- [DATA TO PROCESS]:
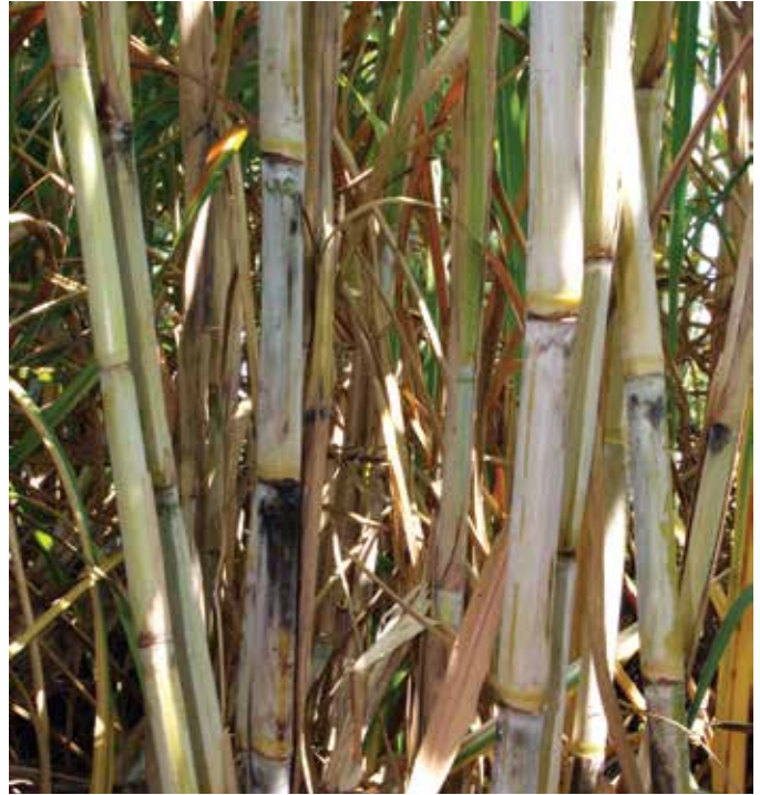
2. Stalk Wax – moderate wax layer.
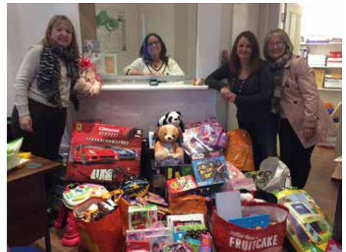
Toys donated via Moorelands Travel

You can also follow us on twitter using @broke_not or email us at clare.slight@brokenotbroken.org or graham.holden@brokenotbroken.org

---

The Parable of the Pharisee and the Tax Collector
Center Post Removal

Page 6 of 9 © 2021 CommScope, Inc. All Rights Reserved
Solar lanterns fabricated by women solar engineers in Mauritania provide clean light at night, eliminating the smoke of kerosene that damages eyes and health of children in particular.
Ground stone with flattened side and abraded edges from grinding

- [WHAT YOU SHOULD DO]:
Give back exactly the lines above from the one with "2. Stalk Wax – moderate wax layer." through the one with "You can also", both included. Pictures don't belong in the copy.

- [ANSWER TO THE EXERCISE]:
2. Stalk Wax – moderate wax layer.
Toys donated via Moorelands Travel

You can also follow us on twitter using @broke_not or email us at clare.slight@brokenotbroken.org or graham.holden@brokenotbroken.org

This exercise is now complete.